He has no curfew, no responsibility and is a delinquent. Often, I run into him at the grocery store or just walking around in the neighborhood unsupervised. A few months ago, he got into trouble with the truancy officer. After that, he was detained in in-school suspension and now he must go to court. His parent put him on punishment for one week and after that week was up, he went right back doing what he was doing. When he comes to church in the mornings, he tries to joke and laugh and make fun of his delinquent acts. I do not let him, because I do not want him to influence the other children and make them believe that what he is doing is fun and right. That would be a form of the social learning theory. He makes statements such as “You guys never let me do anything or have fun.”, “My mom gets to have fun with her friends and her boyfriend, why can’t I?” He becomes upset because he is not reaching his goals and does not have the freedom that he desires.

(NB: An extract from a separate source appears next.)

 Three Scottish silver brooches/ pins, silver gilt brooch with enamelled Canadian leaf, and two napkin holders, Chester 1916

This is an example of what I was referring to earlier.
A positive method that could possibly help in minimizing criminal offenses from the youth, is to teach them how to cope with what their feelings. Three major coping methods are cognitive coping, behavioral coping and emotional coping. These coping methods work hand in hand.
Cognitive coping helps to reduce anger towards others. Employing behavioral coping strategies, causes one to act in a manner that is conducive Employing behavioral coping strategies, causes one to act in a manner that is conducive to their well-being. Engaging in emotional coping, reduces how they interpret and act on negative feelings. Family and school life play a huge part in how a child responds to stress. “First, adolescence is a period of transition when youths enlarge their social worlds and take on greater responsibility in school and at home.” Agnew (1997, 2006) If a child had parents that were irritable and had low self-control, they tend to absorb these habits. Peers are also a huge influence on how a kid reacts to certain things. ’Particularly for younger youth as they relate to deviant attitudes and commitment to and involvement with delinquent peers.” (Wiley 2015) Being pressured to do things that are positive or negative causes stress on a child. I remember when I was younger, we would dare people to do things.

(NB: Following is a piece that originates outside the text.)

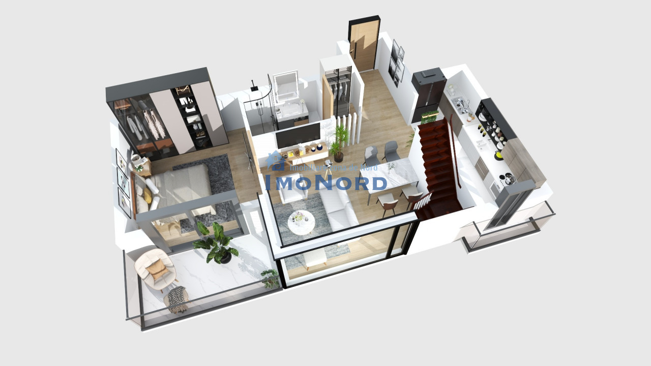 - la primul nivel, in zona de intrare un hol cu zona de cuier si o debara cu spatiul masinii de spalat rufe incorporat; Zona de zi este compusa dintr-un living spatios si o bucatarie deschisa catre acesta, dar care se poate si separa. Tot din zona de zi avem acces pe terasa de 7,5mp, acesta fiind expus catre Sud, un loc ideal pentru a te relaxa; mai avem un dormitor si o baie.

If they did not to participate, we would then double dog dare them, which pressured them into doing the dare. The inability to perform well in class will cause a juvenile to disrupt the class to either bring attention to himself, as well as divert the attention off of his or her shortcomings. Reading aloud would give the children who were not fluent in reading, a reason to become the class clown and forfeit their turn to read. “Strains, particularly major strains that are seen as unjust, are likely to make individuals angry. “This anger creates pressure for corrective action, interferes with the use of certain legitimate coping strategies, such as negotiation, reduces concern for the consequences of one’s behavior, and creates a desire for revenge.” (Agnew 2007) This desire of revenge is not limited to just one person, it can be towards a group of people. Authoritative figures are most likely the targets. Parents, teachers, peers, police officers, siblings and strangers can all be targeted when a child is revengeful. De-escalation of delinquent acts should be the focus, as society and our knowledge expands and grows. Now that we have an origin of the problems, we must find a way to solve the problems.